PROMPT
From the line containing "7月15日,小朋友在室内冰雪世界休闲娱乐。新华社记者 季春鹏 摄" through the last line of the records below, output every line exactly, both ends included, except the pictures.

[ENTRIES SUPPLIED]

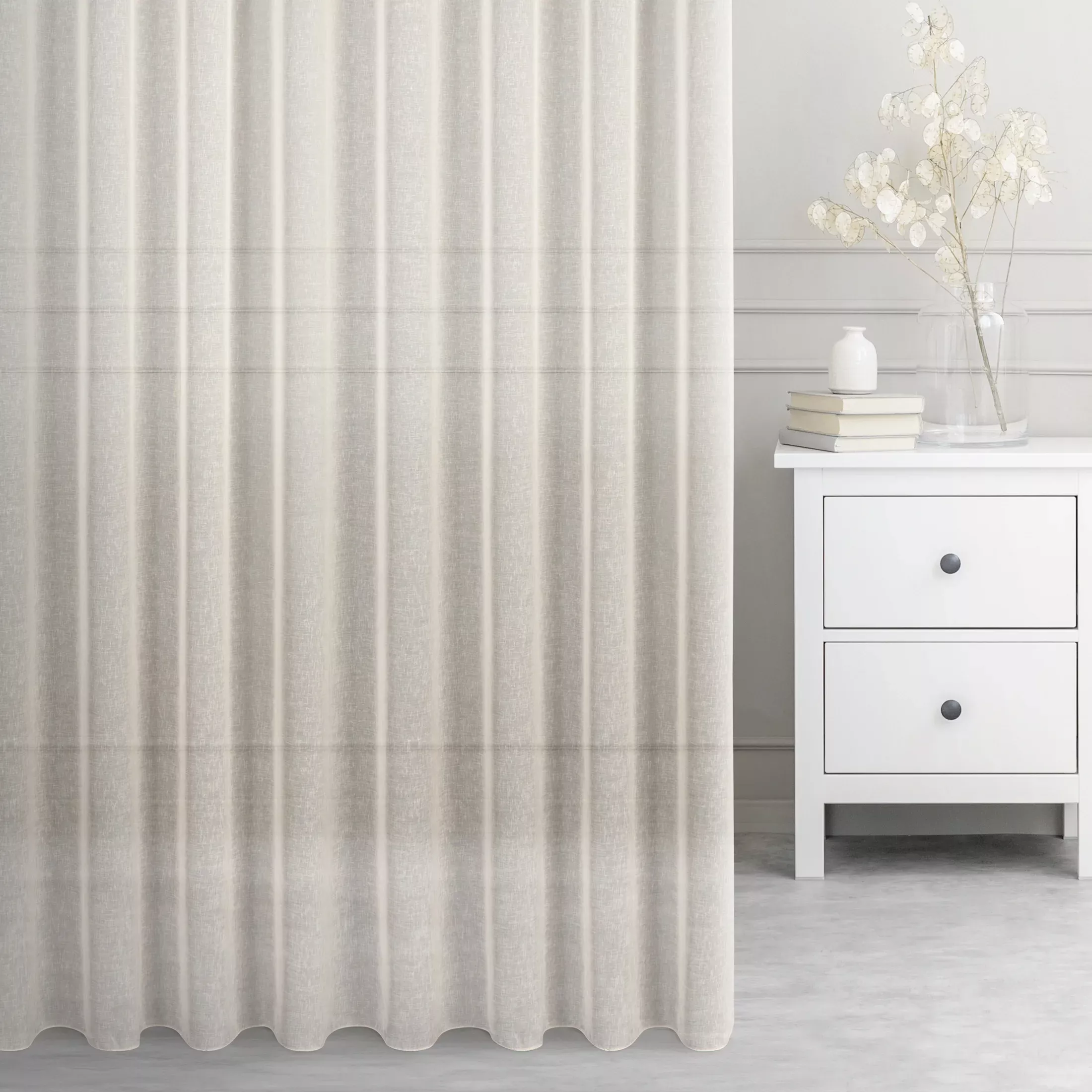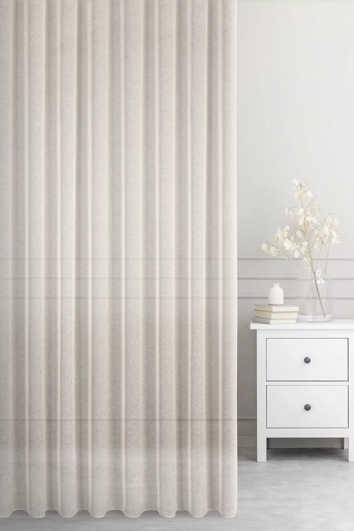 Záclona opticky působí uklidňujícím dojmem, spolehlivě ochrání interiér před ostrým slunečním svitem a zajistí denní soukromí
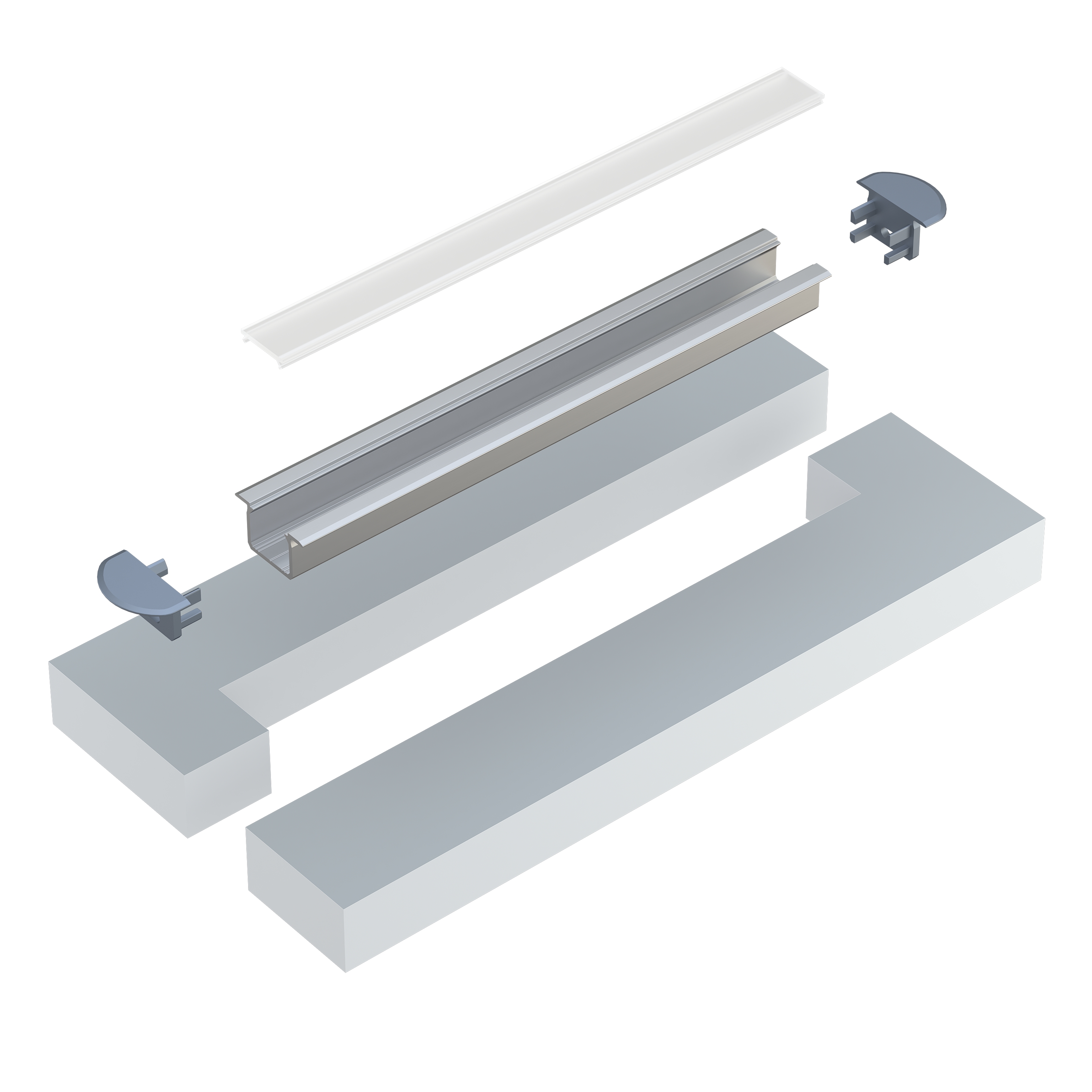 Schéma montáže profilu U do 12mm hluboké drážky v nábytkové nebo SDK desce, s difuzorem BASIC a s PVC koncovými záslepkami.
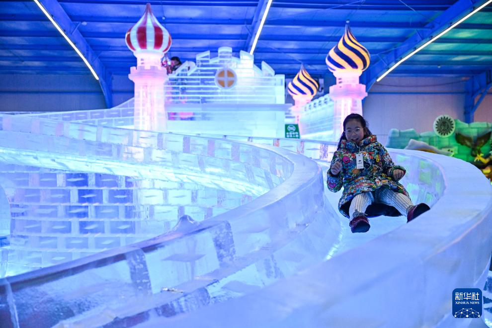 7月15日,小朋友在室内冰雪世界休闲娱乐。新华社记者 季春鹏 摄
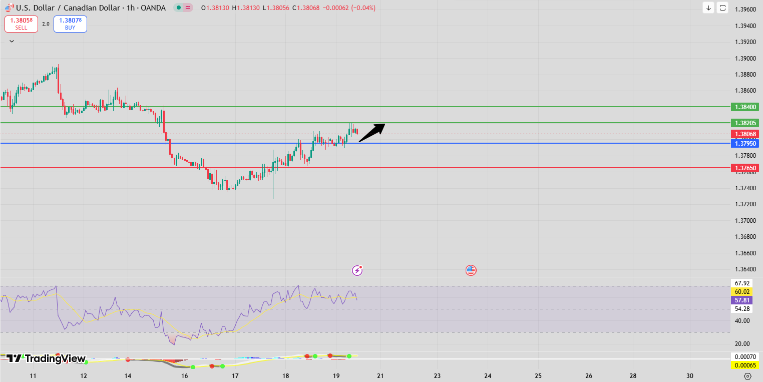 USD/CAD is holding a constructive tone while trading above the pivot level at 1.3785. The RSI shows a mixed setup but leans toward a bullish bias, supporting continued upside. As long as 1.3785 remains support, the pair is expected to extend its advance toward 1.3820 and 1.3840. A break below 1.3785 would expose downside risks toward 1.3765 and 1.3750.
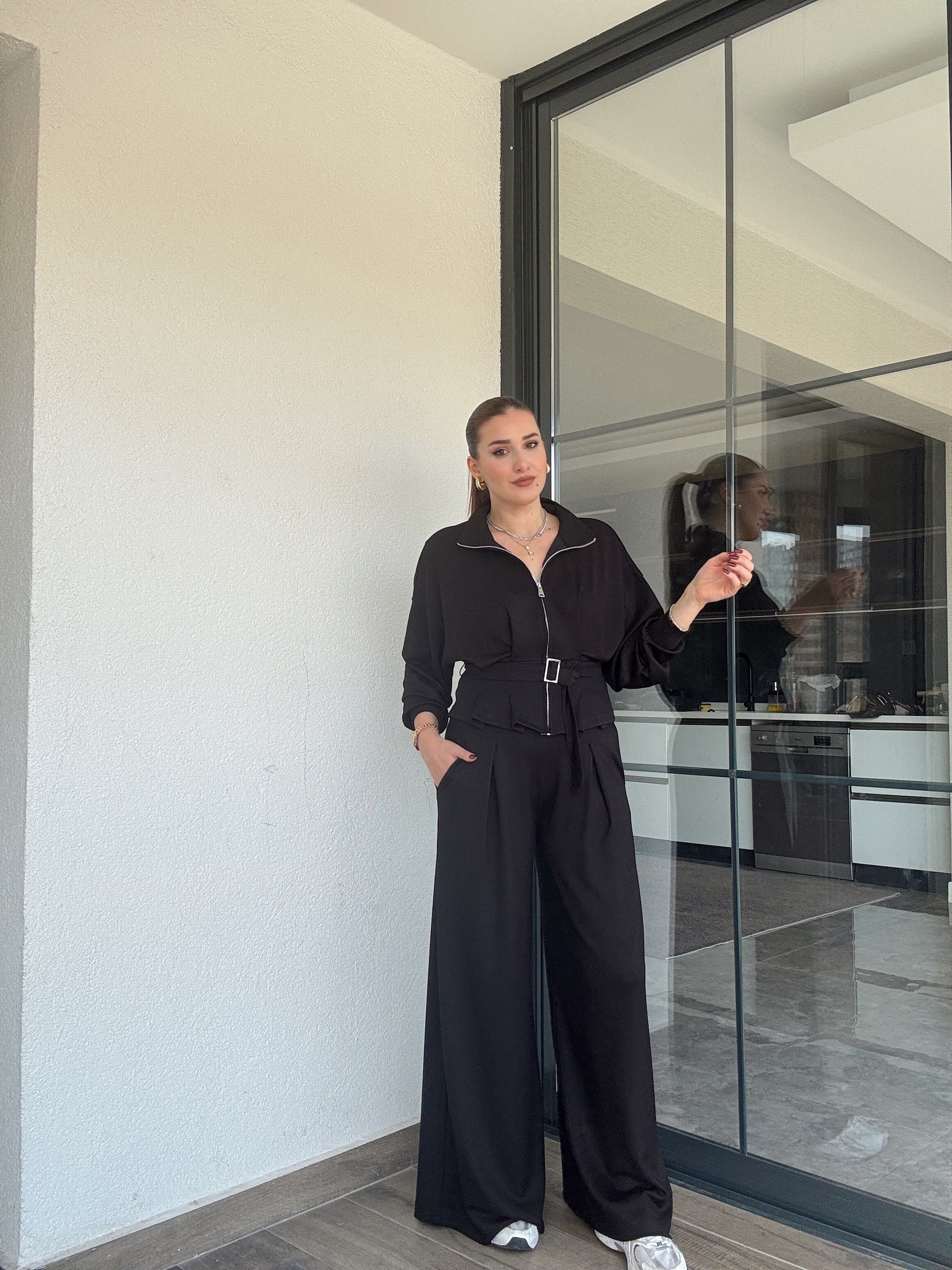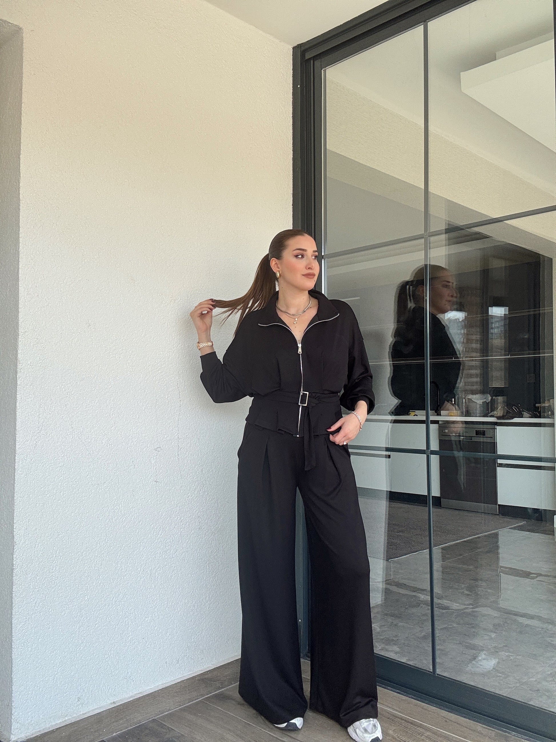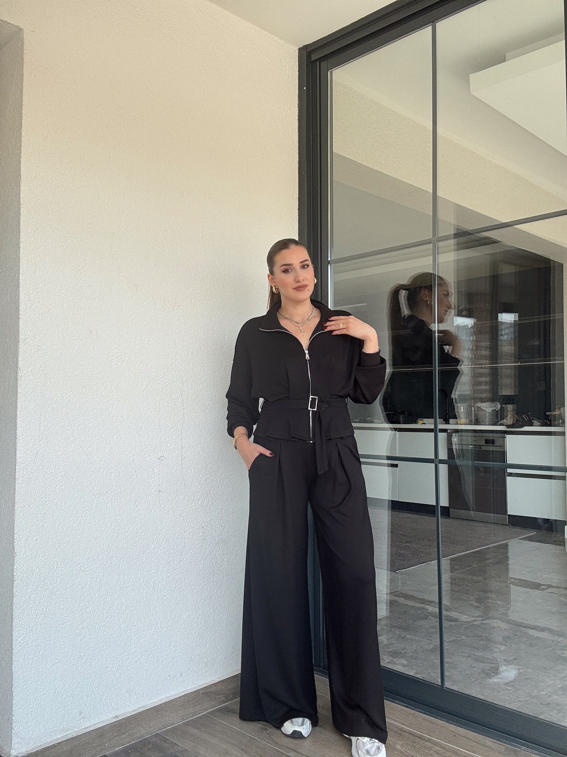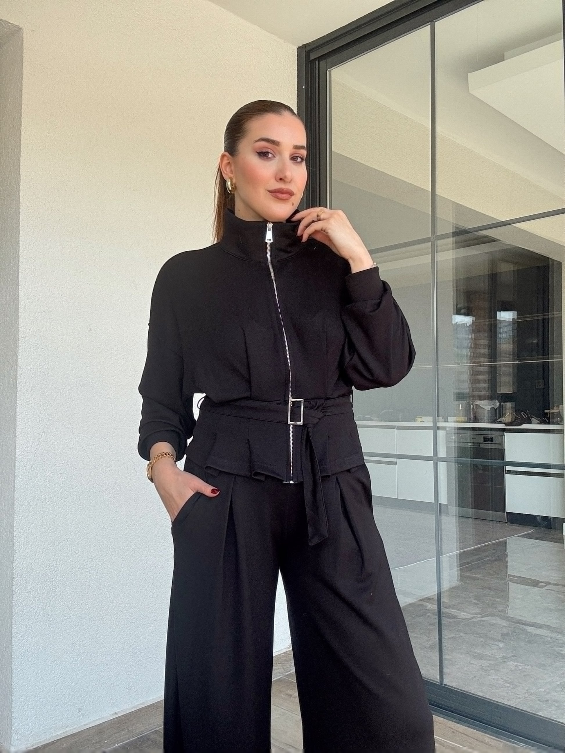Modal kumaş dik yaka etek pileli ceket pantolon takım-SİYAH

[/ENTRIES SUPPLIED]

OUTPUT OF THE TASK
 7月15日,小朋友在室内冰雪世界休闲娱乐。新华社记者 季春鹏 摄
 USD/CAD is holding a constructive tone while trading above the pivot level at 1.3785. The RSI shows a mixed setup but leans toward a bullish bias, supporting continued upside. As long as 1.3785 remains support, the pair is expected to extend its advance toward 1.3820 and 1.3840. A break below 1.3785 would expose downside risks toward 1.3765 and 1.3750.
Modal kumaş dik yaka etek pileli ceket pantolon takım-SİYAH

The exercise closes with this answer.